Turning small pieces into something big

Meyer Turku shipyard specializes in building highly demanding, innovative and environmentally efficient cruise ships, car ferries and special vessels. Modular construction processes are used in modern shipbuilding to minimize the work needed to assemble a ship.

Each module is pre-assembled. These individual building blocks – up to 80 per ship – are put together at the dry dock. The modular construction process enables various expert teams to work simultaneously on a single ship. This reduces turnaround time significantly.

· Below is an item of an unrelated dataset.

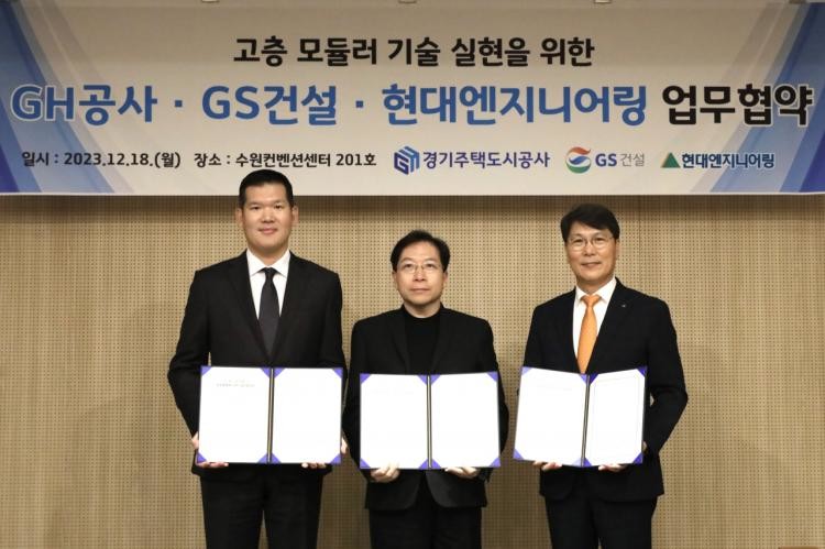 [일요주간 = 최종문 기자] GS건설이 지난 18일 수원 컨벤션센터에서 개최된 협약식을 통해 현대엔지니어링, GH와 함께 '고층 모듈러 기술 실현을 위한 업무협약'을 체결했다고 19일 밝혔다.
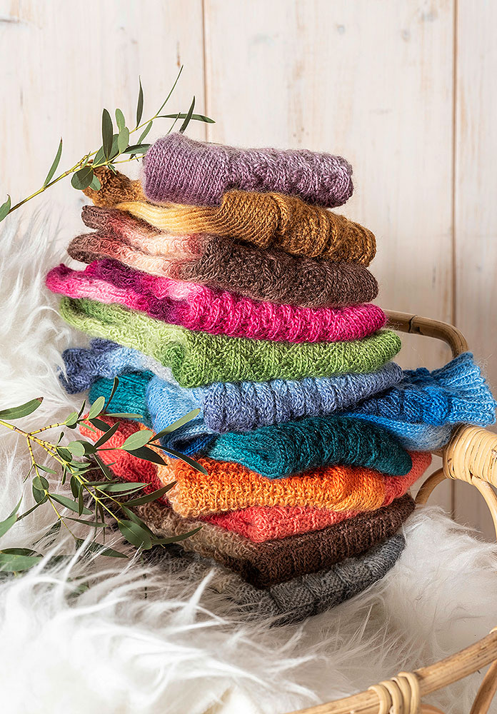 Das fand ich total schade und überlegte, wie man das Problem lösen kann. So entstand die Wollopussocke. Etwas später, in einem Gespräch mit Veronika Hug kamen wir auf die Idee, mit ihrem Garn, die Woolly Hugs YEAR SOCKS, viele Socken mit neuen einfachen Mustern zu gestalten. Da war der Gedankensprung zu einem Buch nicht weit.

Steel plates and profiles are used to create panels
Panels and walls form a section
Completed sections are assembled into blocks
Up to 80 blocks build a cruise ship

Cutting-edge design

Shipbuilding is a modern industry that brings together a wide variety of technologies in a limited space, unseen by our clients. Power supplies, air conditioning systems, fresh and wastewater technology, inventory management, waste management – it all must work smoothly. The amount of different materials that make up a ship is simply enormous. For example, the Mein Schiff ships built at our shipyard each required approximately 2,000 km of electric cables, 180 km of piping, 8,500 m² of windows, 335,000 litres of paint and 30,000 m² of carpets, among all other materials used. We process more than 15 million pieces for each and every cruise ship. To give you an idea of the scale, compare it with the roughly one million parts that go in an Airbus A 380 or the 10,000 or so components that make up a passenger car.

Developing and building cruise ships is an extraordinarily complex and challenging operation. This is why computer-assisted technology has been integrated into every phase from design to completion. How many kilometres of cable does a ship need and how much does it cost? How should weight be distributed to compensate for the wind and the waves? When do you need to start each production stage to ensure you are on schedule to deliver to the shipping company? What materials should be used to ensure fire safety and sound proofing? These are the types of questions that our designers must solve on a daily basis – on top of countless others. This is why the design and building of ships makes extensive use of virtual 3D models and moving visualisations. Calculations have to be remade for each new ship to ensure unique, customized design.

The work at our shipyard reflects the Industry 4.0 principles: all stages are designed, processed and managed with digital and highly automated methods. In the end, each and every pinion must fit precisely to make sure that we achieve the highest possible quality within agreed budgets and schedules.

A TEST RUN AS THE FINAL STAGE IN THE PROCESS

We carefully test each ship both at the dock and at sea before handing it over to the client. During the tests at the sea, all equipment and systems go through final testing and calibration for optimal performance. The inter-operability of systems and equipment is also tested at sea while the ship’s future crew practices their duties.